Ao que tudo indica, Temer conseguirá algo que parecia impossível: fazer com que a ditadura militar seja vista até com certa nostalgia: ao menos os militares tinham um projeto de nação e um concepção de desenvolvimento - excludente, parcial e subordinado aos EUA, mas desenvolvimento -; o grupo que tomou o poder tem como único projeto a pilhagem e o butim para fins pessoais, sua subordinação aos EUA não inclui nenhuma perspectiva de desenvolvimento e a exclusão social que suas propostas claramente acarretarão chocaria muitos dos escravocratas do segundo reinado (não, não estou defendendo a ditadura civil-militar, apenas alertando aos que tanto a criticam e acham que a situação está razoável o suficiente para não se mobilizar e ocupar as ruas).

10 de agosto de 2016.

domingo, 7 de agosto de 2016

Quadrilha versão pocket

Em minha última visita a Pato Branco, um amigo me levou a um café recém aberto na cidade - a cafeteria a que eu estava habituado ele se recusou a ir, depois que encontrou bigatos em sua comida, motivo que me pareceu digno.
Estamos lá, conversando sobre várias coisas, dentre elas relacionamentos, quando a dona do estabelecimento se aproxima, troca duas palavras e sai. Nesse breve diálogo, ele diz seu nome.

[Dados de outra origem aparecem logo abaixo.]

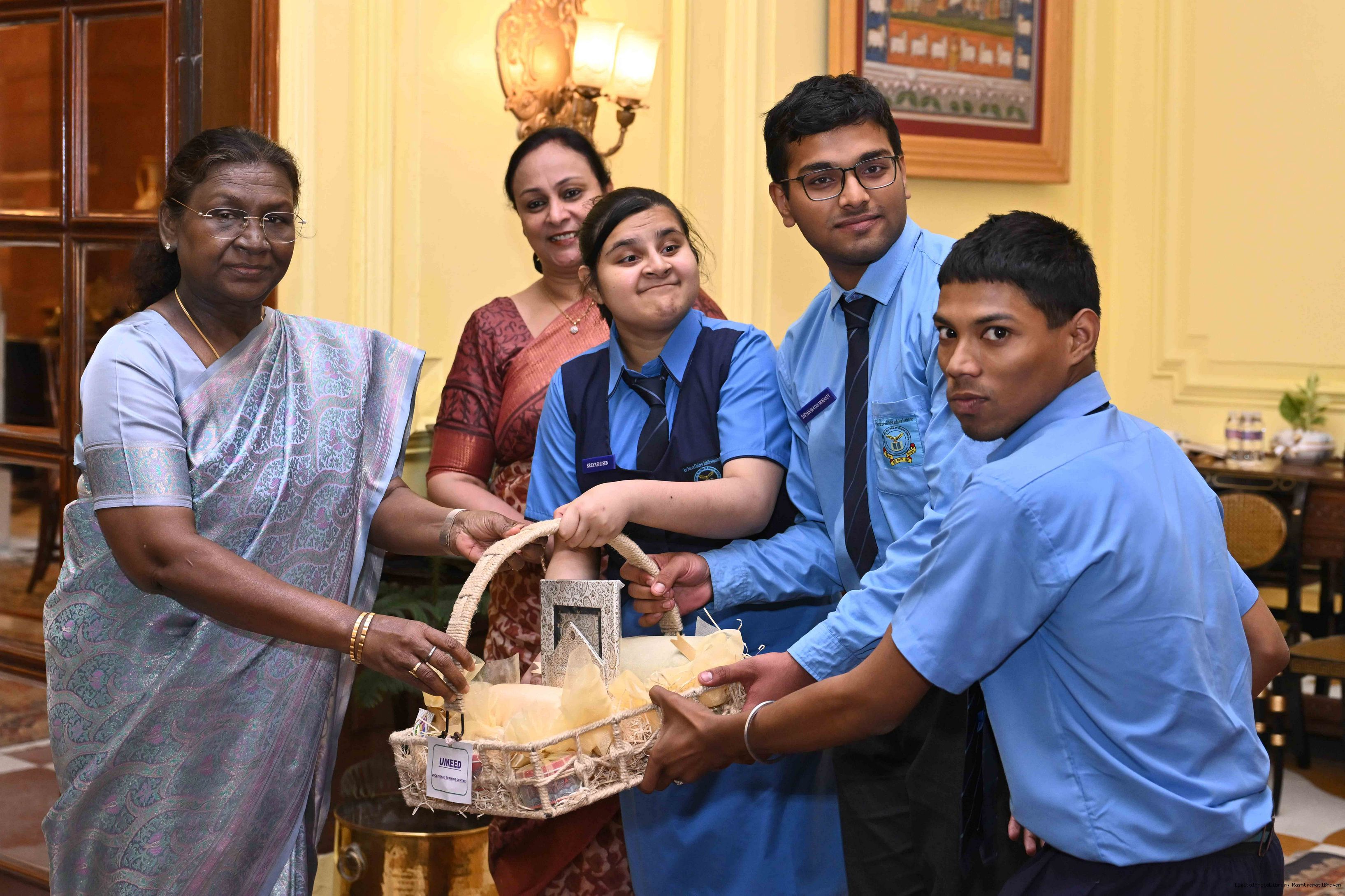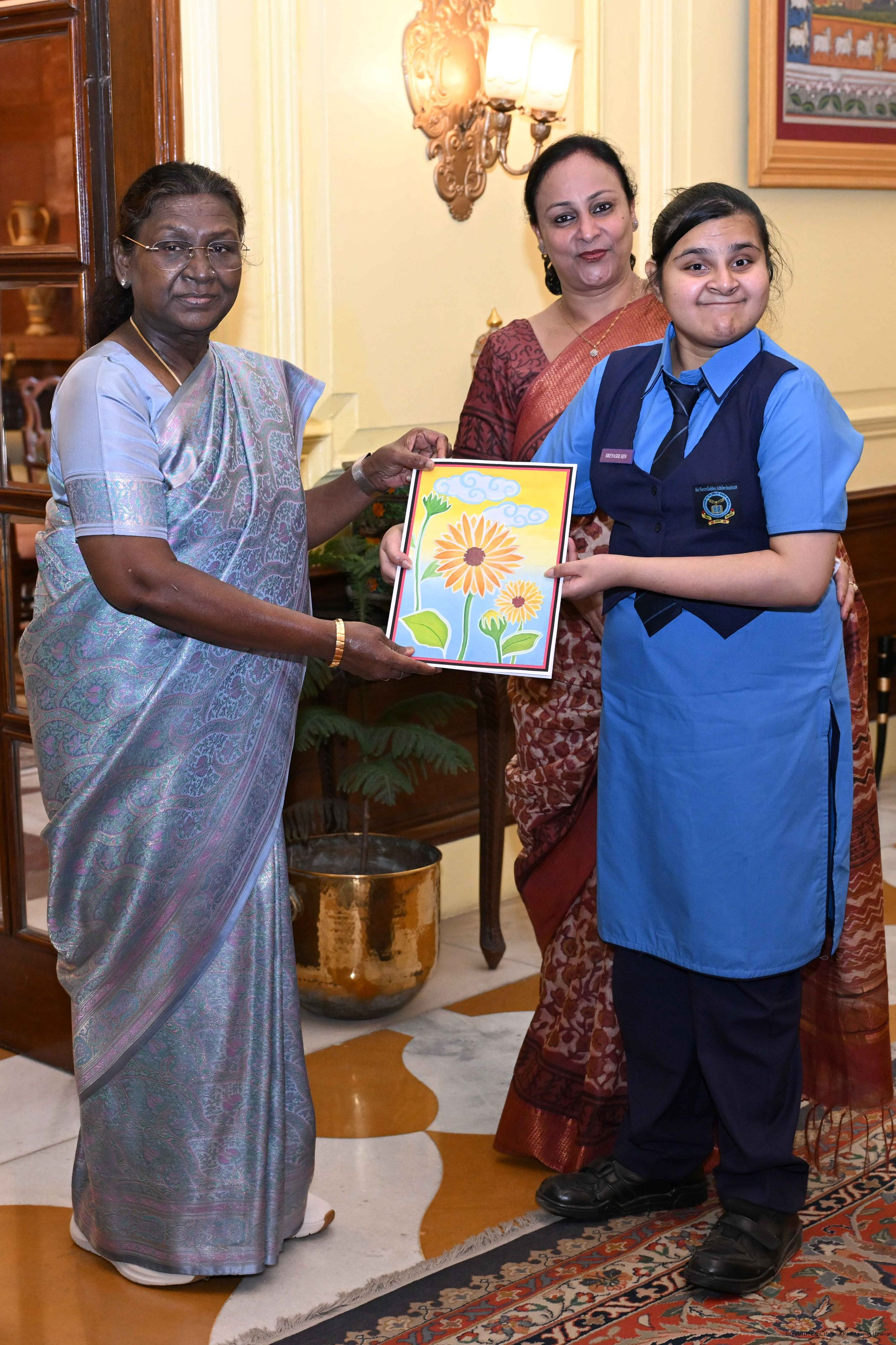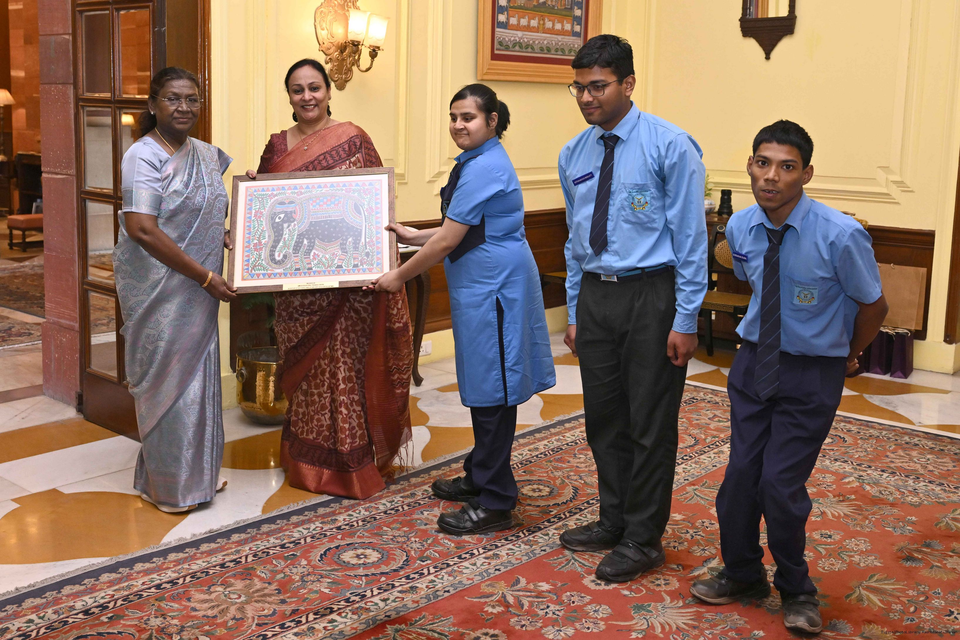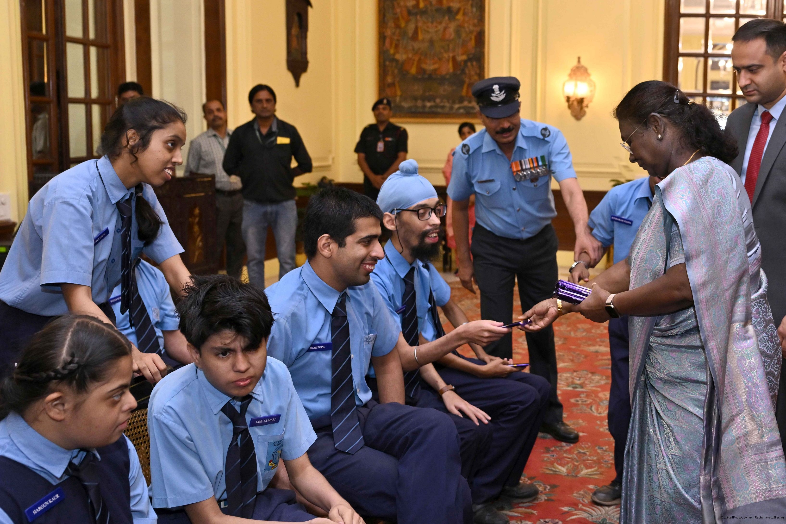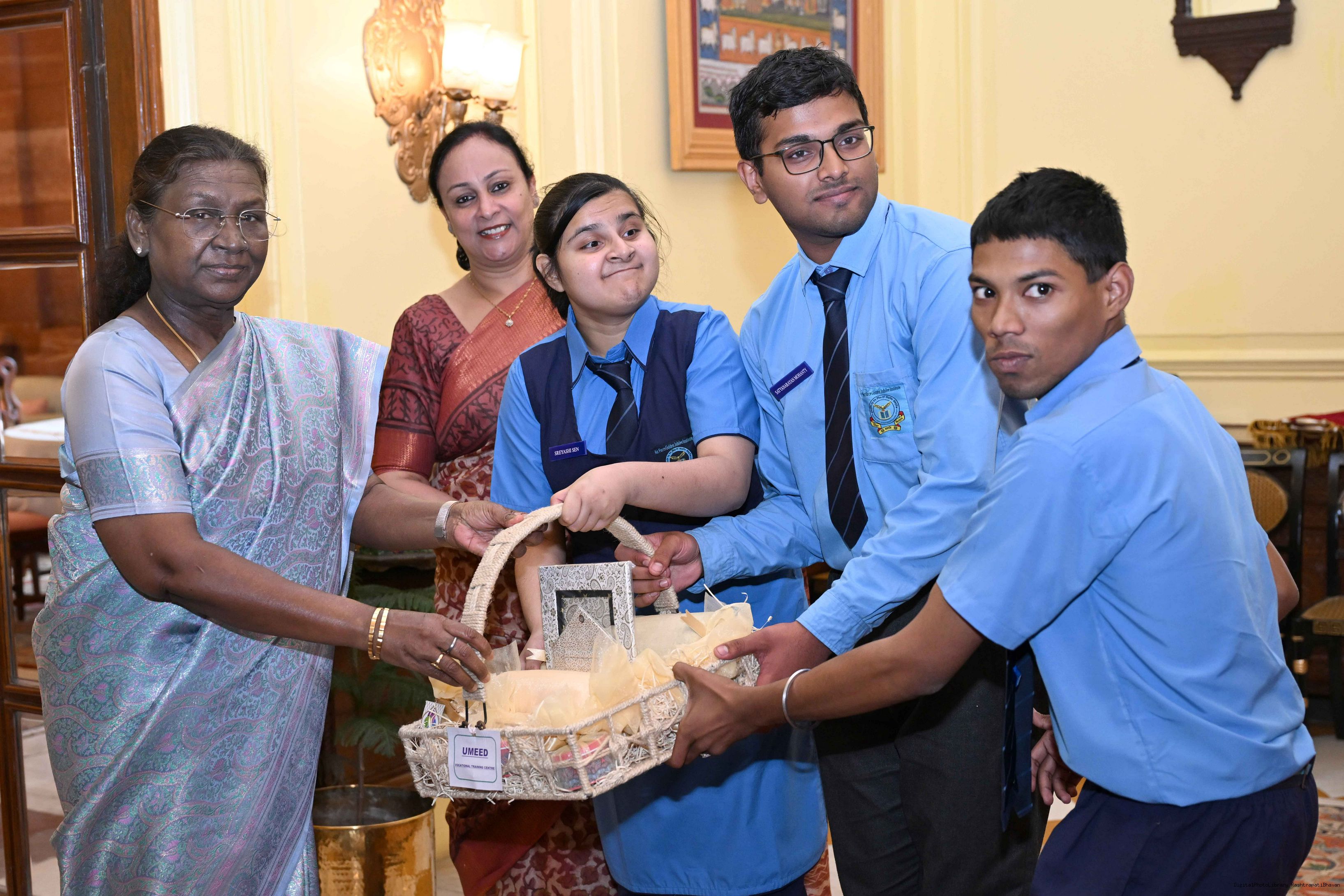 | Caption: | A group of specially-abled young adults from Umeed Vocational Training Centre, New Delhi called on the President of India, Smt. Droupadi Murmu at Rashtrapati Bhavan on April 30, 2025. |

Apesar de ser ruim pra juntar rosto com nome, me esforcei pra ver aquele rosto como conhecido - o nome era. Perguntei se o sobrenome dela era aquele que eu imaginava - confirmou. Então contei: quase apanhei por causa dessa mulher, uns vinte anos atrás. Acho que foi a única vez que (quase) briguei por causa de mulher.
Eu tinha treze, no máximo quatorze anos. Tinha tido uma paquera que não foi muito além disso com a irmã do meio da dona do estabelecimento, quando freqüentávamos a AABB - adolescente tímido em sociedade machista é uma maravilha! A mais velha, tenho a impressão, também havia me olhado estranho algumas vezes - pouco depois seria miss Pato Branco, mas era a menos bonita, na minha opinião. A mais nova, quem se interessou foi um amigo. Falava e falava e falava dela. Louvores e louvores à beleza da menina (se eu tinha, se muito, quatorze, ele tinha treze e ela, doze) declamados em meus ouvidos já um pouco cansados daquela lenga-lenga, seguidos sempre de lamentos e lamúrias de não conseguir nada com ela. Até que ele resolveu me perguntar o que fazer. Idéia de jacu, como dizíamos na época. Eu não tinha experiência alguma, mas tinha um ano a mais que ele, que tampouco tinha qualquer experiência. Sugeri que parasse de enrolar: "chega, diz que está a fim dela e convida pra ir no cinema" (na época havia um cinema na cidade). Ele fez quase como sugeri, apenas acrescentou um "oi, tudo bem" antes. Recebeu um não da menina, que passou então a evitá-lo, e ele quis descontar o fora pra cima de mim - não chegamos às vias de fato.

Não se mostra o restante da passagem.